- October 11, 2017
As dawn breaks in early June, Megan Shave, a member of my summer 2017 field research team at the Woods Hole Research Center (WHRC), parks her car along a residential street in the leafy inner suburbs of Boston, Massachusetts. She gets out, points herself into a predetermined suburban yard, and starts her watch–listening closely for birds. She records everything she sees or hears in ten minutes, then climbs back into her car and heads to the next yard.
Two hours later, as people in the neighborhood head off to their workdays, Megan returns and joins the WHRC’s Margot McKlveen and Michael Whittemore, and University of Massachusetts botanist Roberta Lombardi. Together they fan out into the yard as a one-day SWAT team. They record every plant species and the lawn or garden feature in which they occur. They measure the diameter of every tree. They deploy traps to measure the diversity and abundance of bees and crawling insects. They take samples of soils and deploy sensors to test for the amount of soil organic matter and soil nutrients. And they create a detailed sketch map of the yard.
This past summer, similar teams sampled in exactly the same way in the metropolitan regions of Baltimore and Minneapolis-St. Paul; and, before the heat of the desert summer, a team from Phoenix deployed in February. Teams from Los Angeles and Miami will start early in 2018. All six city-teams collaborate as part of a US-wide project that we nicknamed the Yard Futures Project.

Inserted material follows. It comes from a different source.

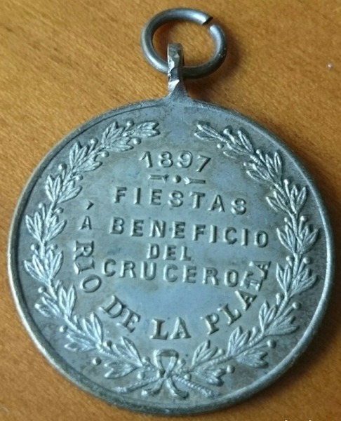En el anverso de dicha medalla –de pequeño tamaño, sólo 28 m/m lo que propiciaba utilizarla como adorno en un collar o pulsera–, se representaba la silueta del aún nonato crucero visto por su amura/través de estribor, coronado por la leyenda ASOCIACIÓN PATRIÓTICA ESPAÑOLA, mientras en el reverso, en bordura de laureles, podía leerse en renglones sucesivos que la misma era a beneficio de la construcción del citado crucero.

The project aims to measure—across yards and across large regions—how management of residential single-family house lots influences the structure, biodiversity, and function of residential ecosystems. This question is critically important because, even as residential areas continue to expand, we don’t understand much about their ecology. We suspect, however, that collectively they could play vitally-important roles when it comes to supporting biodiversity and natural—or ecosystem—services, such as lowering air temperatures or reducing nutrient runoff.

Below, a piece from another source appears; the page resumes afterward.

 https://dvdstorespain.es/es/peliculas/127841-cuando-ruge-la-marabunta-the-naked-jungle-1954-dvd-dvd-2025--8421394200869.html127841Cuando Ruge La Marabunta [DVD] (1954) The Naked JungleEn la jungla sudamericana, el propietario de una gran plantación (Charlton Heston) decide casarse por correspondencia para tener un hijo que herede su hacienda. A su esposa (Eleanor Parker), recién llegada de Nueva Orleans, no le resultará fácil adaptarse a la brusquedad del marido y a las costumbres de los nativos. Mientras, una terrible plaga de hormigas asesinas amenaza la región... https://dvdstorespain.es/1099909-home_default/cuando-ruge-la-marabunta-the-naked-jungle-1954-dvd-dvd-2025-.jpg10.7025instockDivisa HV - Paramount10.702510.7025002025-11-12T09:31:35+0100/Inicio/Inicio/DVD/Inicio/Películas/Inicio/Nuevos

Within each metropolitan region, research teams visit yards that fall into four categories, or “treatments:”
(1) typical passive homeowner-conducted management without fertilizer or pesticides
(2) intensive management with fertilizer and hiring of a lawn-care company
(3) wildlife-friendly management that includes certification by the National Wildlife Federation
(4) hydrological management that includes specific activities to reduce water use or water runoff
In each place, teams compare the structure of yards with the structure of large natural areas in the region and the smaller remnants of natural areas that residential neighborhoods abut [read more about why this is important]. Our study is one of the most detailed scientific investigations into the broad ecological functioning of the suburban landscapes in which 51 percent of Americans now liveopen_in_newopen_in_new.
The project has funding from the Macrosystems Biology program of the National Science Foundation. Peter Groffman leads the project from the City University of New York’s Advanced Science Research Center. The project team includes social as well as natural scientists because we want to understand not just what people do in their yards, but why they do it.
This project grew out of previous work by the research team that tested how building suburban residential environments “homogenizes” ecosystems by pushing the landscape towards more homogeneous microclimates, plant communities and nutrient cycling patternsopen_in_new. The shear size of residential areas managed in similar ways–even across cities with very different social and cultural identities–has created, what these researchers refer to as, the ‘American residential macrosystem.’
Our new project has another exciting collaborator—Habitat Network. Beginning with this article, members of our project’s science team will contribute insights about what we have learned—and what we are learning with our new studies—to the Habitat Network’s Learn Pages. By teaming with Habitat Network we aim to explain some of the cool things we encounter. We are geeky scientists. We like interesting stories about how people—intentionally or not—change the world around them. The Habitat Network team will help us better tell those stories and get them into the hands of the tens of 1000s of people they work with who are interested enough in these issues to participate in their own residential ecology investigations.
We also aim to collaborate scientifically. Habitat Network collects information on how thousands of homeowners organize and manage their yards. But in most cases—unless a home belongs to a crack ornithologist, botanist, or entomologist (or all three)—we can’t link information on structure to how the complex arrangements of birds, plants and insects responds to that organization and management. By comparing our scientist-created “yard maps” to our detailed inventories of species and ecological responses, we aim to make Habitat Network’s ever-expanding data on yard structures a more useful predictor of biodiversity across U.S. suburban regions.
Ultimately our project and Habitat Network share the same broad goal—to help suburban landscapes support more biodiversity and provide more of the ecosystem services that make suburbs enjoyable places for people to live. We know residential landscapes are complicated and that the way homeowners manage in Phoenix might not have the same consequences as in Baltimore. But that’s the point. We want to learn about those differences and put them into the service of making backyards maintain more natural functions–over more of the country.